The Death of William Farber

Lt. Col. Bill Farber died on July 30, 1963.
According to Carl, the doctor was asleep at home with his wife when they were awakened by Marjorie on the phone. Bill was ill, she said.
After dressing and heading across the street, “I saw the colonel right away,” Carl said. “He was pale, he was perspiring profusely, he was gasping for breath, and he was holding his heart. He said he felt weak and that he could hardly move.”
The doctor was describing textbook symptoms of a heart attack.
Carl said he insisted that the colonel go to the hospital, but that both Marjorie and Bill rejected the idea.
“I asked Mrs. Farber to call for an ambulance, but she refused to,” he said. “When I left, he seemed to be better, improved, but he certainly wasn’t well.”
Four hours later, at 10 a.m., the doctor returned to the neighbors to repeat his advice that Bill go to the hospital. He said that when he came into the Farber house, the couple was arguing. When his patient refused to follow his advice, Carl indicated that he was “withdrawing from the case,” asked Marjorie to sign a release.
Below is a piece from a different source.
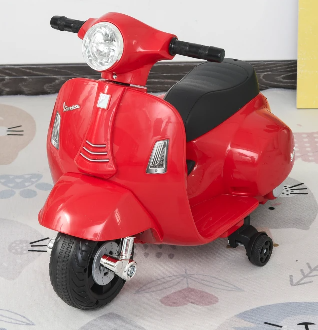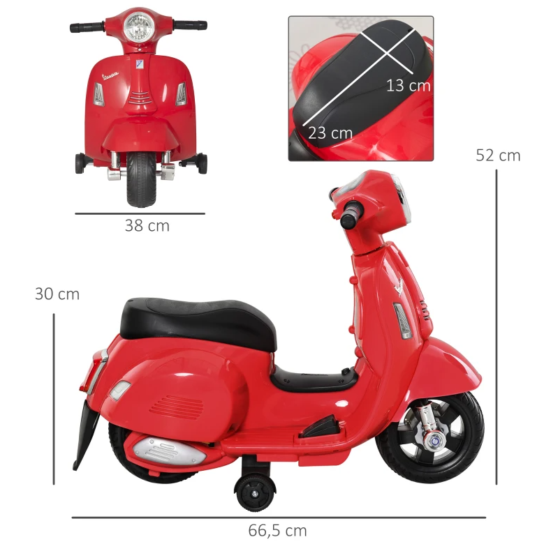 МАКСИМАЛЬНЕ НАВАНТАЖЕННЯ 25 КГ. ДЛЯ ВІКУ 18-36 МІСЯЦІВ. ЛЕГКО ЗБИРАТИ.Багато пригод чекає на ваших дітей з цією ліцензованою дитячою моделлю Vespa від HOMCOM. Вигнуте сидіння зі шкірозамінника забезпечує високий рівень комфорту під час водіння, а працюючий звуковий сигнал та фари дарують реальні та захоплюючі відчуття від водіння. Vespa оснащена двома великими колесами та двома знімними стабілізаторами, які забезпечують велику безпеку та баланс. Вашим дітям сподобається грати на вулиці із цим електричним мотоциклом HOMCOM.

Marjorie signed the paper. Later she would identify the signature as hers, but claimed she had no recollection of signing it.
On the evening of the 30th, Carmela Coppolino received a call summoning her to the Farbers. Carl followed soon after, he said.
“When I got there, I found Bill in bed on his back,” Carl testified in his defense. “He was dead. He had been dead from three to five hours.”
Carmela signed Bill’s death certificate, listing the cause of death as coronary thrombosis — essentially a blood clot in the arteries surrounding the heart.
“Where did she get the information from?” Carl was asked.
“From me,” he replied.
Carmela wrote:

I hearby certify that I attended the deceased from 3:30 a.m. to 6: a.m. and that I last saw the deceased alive at 1:30 p.m. on July 30, 1963 and that death occurred at approximately 4 p.m. from…coronary thrombosis.
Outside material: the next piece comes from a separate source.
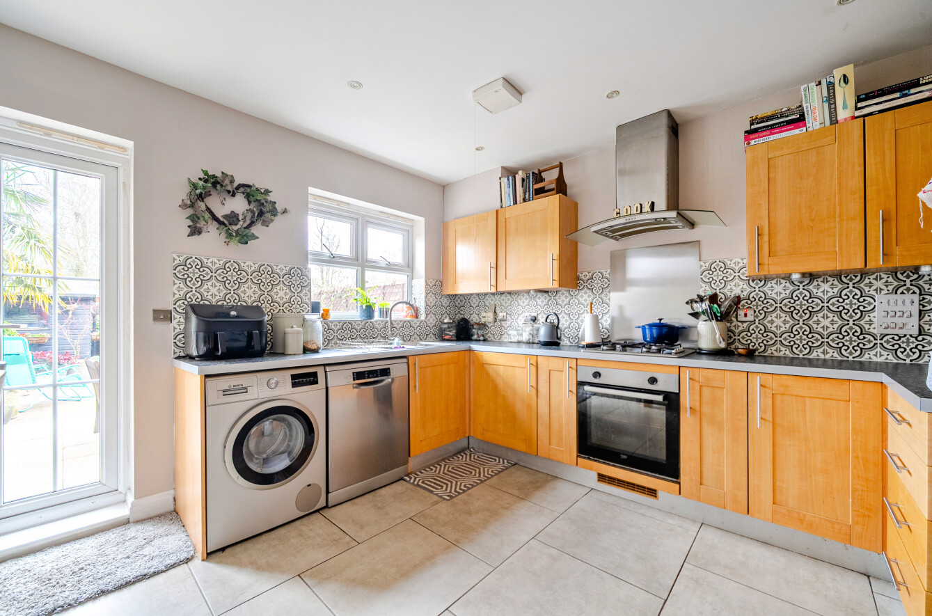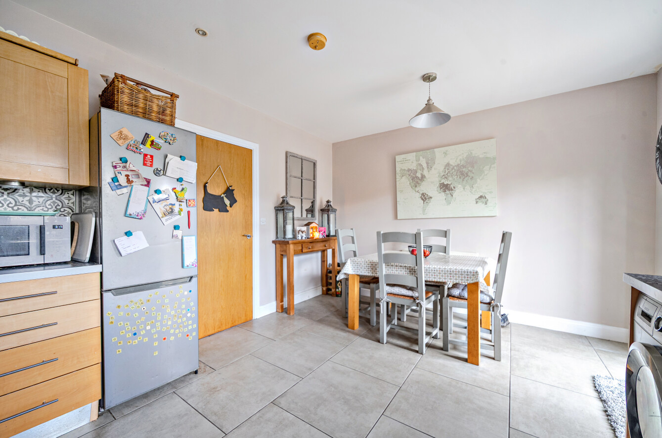 To the rear of the house, with patio doors opening straight onto the garden is a family friendly kitchen/dining room with plenty of space for a dining table to one side. There is a range of drawer and cupboard storage complemented by an integrated oven and gas hob with space for further white goods

When Carmela’s father, Dr. Carmello Musetto, learned that his daughter filed — let’s call it what it is — a fraudulent death certificate, he said he was livid.
“My God,” he said he told her. “I didn’t bring you up that way. That kind of treatment went out with high-button shoes.”
Eventually, Carmela’s actions helped bring her husband to justice. During the investigation into Bill Farber’s death, attention on Carl was quickly brought to bear when police discovered that his death had not been reported to the county coroner as required when someone dies outside a hospital and the death certificate had been signed by an ineligible physician. New Jersey law required that any physician who signs a death certificate must be a “practicing” doctor. Apparently, Carmela’s status as a researcher did not qualify her to sign certificates.
The Lieutenant Colonel was interred in Arlington National Cemetery.
According to Marjorie, Bill’s death was a long-term project. As their affair progressed, Marjorie said, Carl began telling her repeatedly that her husband needed to be out of the picture.
“‘He has got to go, he’s got to go,’ over and over,” she testified, implying that the doctor was trying to exert some kind of hypnotic control over her.
If her story is to be believed he probably did have some kind of Svengali-like influence, although it is a well-known fact that a person under hypnosis cannot be forced against their will to do something. On the stand, under oath, Marjorie made a series of statements against her own interests describing how Carl was able to manipulate her.
At the doctor’s trial in New Jersey, Marjorie acted as if Carl still had some control over her. The Times described it this way:

In her description of how Dr. Coppolino had hypnotized her, Mrs. Farber seemed to go into a trance herself on the stand. Her head slouched to one side and her eyes closed. Mr. (F. Lee) Bailey, meanwhile, leaned forward from his seat in front of her and snapped his fingers again and again in an apparent attempt to arouse her.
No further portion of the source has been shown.